In Fig. 4 the unpolarized Raman spectra of NdCl₂ and NdCl₃ in eutectic mixtures of LiCl and KCl are presented. Note that in this system we have denoted the NdCl₂ mole fraction as x and that of NdCl₃ as y, respectively. Spectrum (a) shows only the ν₁ band at 245 cm⁻¹ of pure NdCl₃ equivalent to that what is shown in the upper part of Fig. 3. The weighed amount of NdCl₃ in this spectrum as well as in the spectra (b) to (f) was close to y = 0.05. In the spectra (b) to (f) the weighed amount of NdCl₂, x, grows from 0.009 to 0.044. Spectrum (g) shows a sample with x = 0.044 of NdCl₂ and no NdCl₃ added (however, applying formal stoichiometry the small amount of Nd₃Cl₇ impurity accounts for an effective NdCl₃ content of y = 0.005).
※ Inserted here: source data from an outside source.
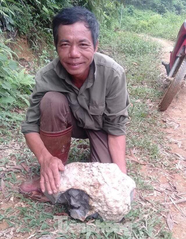 Ông Hinh với "Thiên thạch quý" rơi từ trên trời được lan truyền chóng mặt trên mạng xã hội. Ảnh: Duy Chiến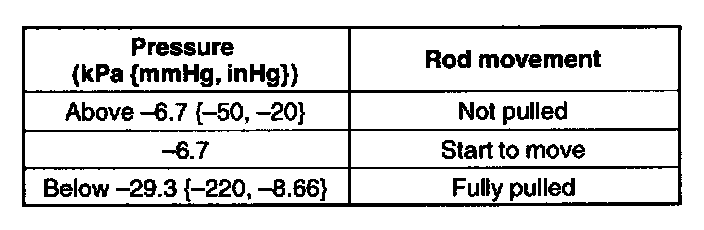 4. Apply pressure slowly and inspect the rod movement of the VTCS shutter valve actuator under the following condition.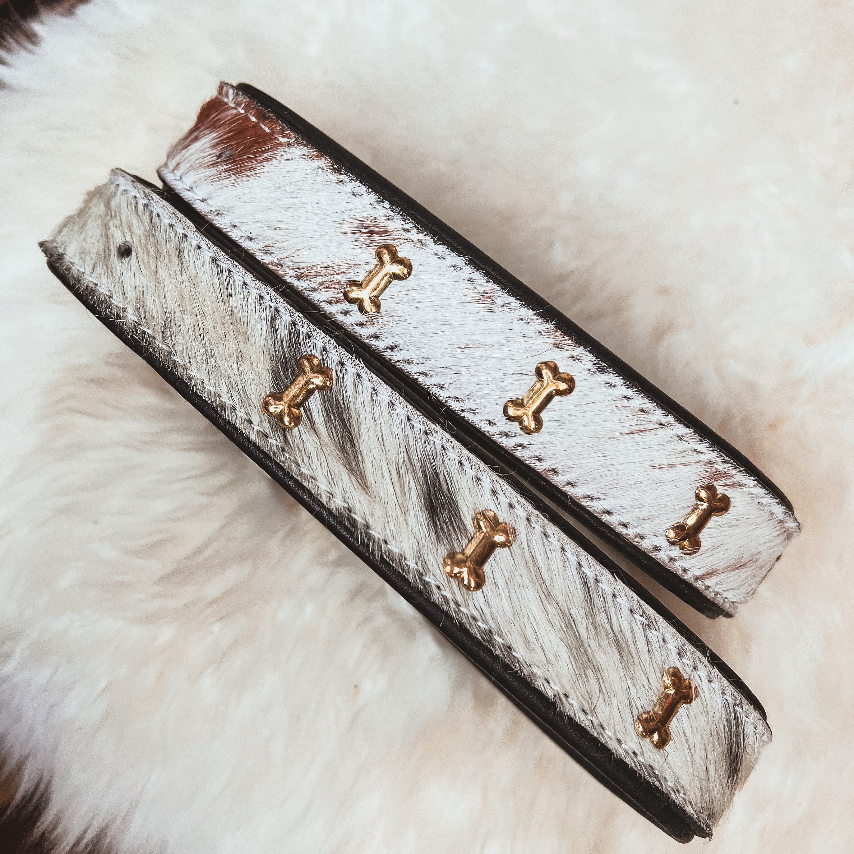 Gorgeous Cowhide adjustable dog collar with adorable gold tone dog bone charms.

Fig. 4 Raman spectra of (NdCl₂)_x(NdCl₃)_y(eut.–LiCl–KCl)_{1 − x − y}. The spectra have been recorded without polarizer at the indicated temperatures. The composition of the samples is given as (x/y/1 − x − y): (a) (0/0.05/0.95) 450 °C, (b) (0.009/0.051/0.940) 500 °C, (c) (0.018/0.052/0.930) 500 °C, (d) (0.027/0.053/0.920) 530 °C, (e) (0.035/0.054/0.911) 600 °C, (f) (0.044/0.055/0.901) 600 °C, (g) (0.044/0.005/0.951) 600 °C, (h) anti-Stokes branch of spectrum (g).

With the addition of NdCl₂, in the accessible spectral range four new and relatively narrow bands are visible. They are located at ν₂ = 115 cm⁻¹, ν₃ = 175 cm⁻¹, ν₄ = 340 cm⁻¹ and ν₅ = 450 cm⁻¹. ν₂ to ν₄ have half widths between 15 cm and 20 cm⁻¹. ν₅ is broader by a factor of two and asymmetric, indicating that this band contains more than one spectral component. The spectral features ν₂ to ν₅ are depolarized. Spectrum (h) shows the anti-Stokes Raman branch of spectrum (g). This clearly demonstrates that ν₃, ν₄ and ν₅ are true Raman bands (the anti-Stokes ν₂-band is not visible since the notch filter covers the spectral range of the excitation line asymmetrically). In addition, fitting ν₃, ν₄ and ν₅ of the Stokes- and the anti-Stokes-spectrum with Lorentzians the band areas are in full accord with the Boltzmann distribution function.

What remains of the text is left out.